Dataset extract:
Content starts

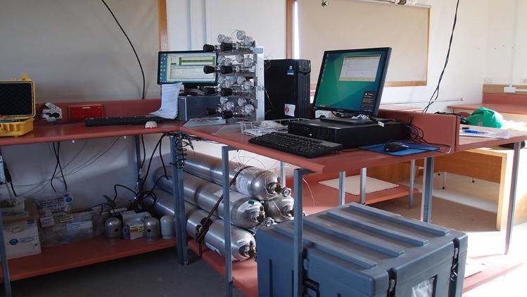 - Whilst at Macquarie Island, CAC members Clare Murphy and Alan Griffiths undertook some checks and tests on the instruments in the Clean Air Lab, including lowering and checking on the inlet mast and leak checking the radon detector.
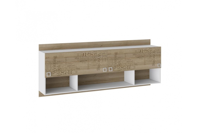 Настенный шкаф "Оксфорд" имеет нишу с перегородками и два закрытых отделения с откидными дверцами. Шкаф может использоваться в комплексе с вертикальными шкафами и располагаться над кроватью "Оксфорд", либо как отдельный навесной элемент обстановки для хранения книг, учебным принадлежнойстей, декора.
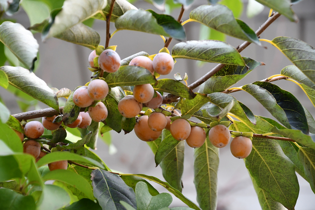 - 옆에 키가 낮은 산수유는 할아버지가 가지를 휘어서 따고 있는데, 고욤나무는 경사지에 있고 키가 커서 아무도 손대지 않았다.
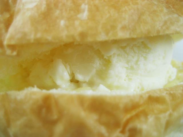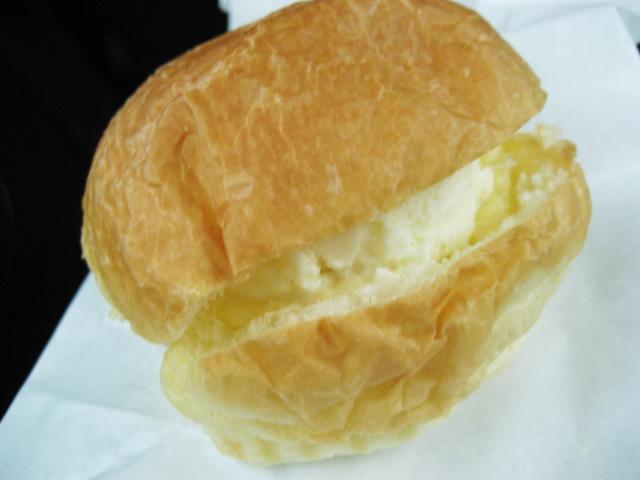 山形市パルシェのアイスクリームパン。ふっくらと仕上げたブリオッシュタイプの生地にバニラアイスとカスタードクリームを挟んでいます。

Content ends

Exactly as written, restate all of the data, leaving out the images.

Result for this exercise:
 - Whilst at Macquarie Island, CAC members Clare Murphy and Alan Griffiths undertook some checks and tests on the instruments in the Clean Air Lab, including lowering and checking on the inlet mast and leak checking the radon detector.
 Настенный шкаф "Оксфорд" имеет нишу с перегородками и два закрытых отделения с откидными дверцами. Шкаф может использоваться в комплексе с вертикальными шкафами и располагаться над кроватью "Оксфорд", либо как отдельный навесной элемент обстановки для хранения книг, учебным принадлежнойстей, декора.
 - 옆에 키가 낮은 산수유는 할아버지가 가지를 휘어서 따고 있는데, 고욤나무는 경사지에 있고 키가 커서 아무도 손대지 않았다.
 山形市パルシェのアイスクリームパン。ふっくらと仕上げたブリオッシュタイプの生地にバニラアイスとカスタードクリームを挟んでいます。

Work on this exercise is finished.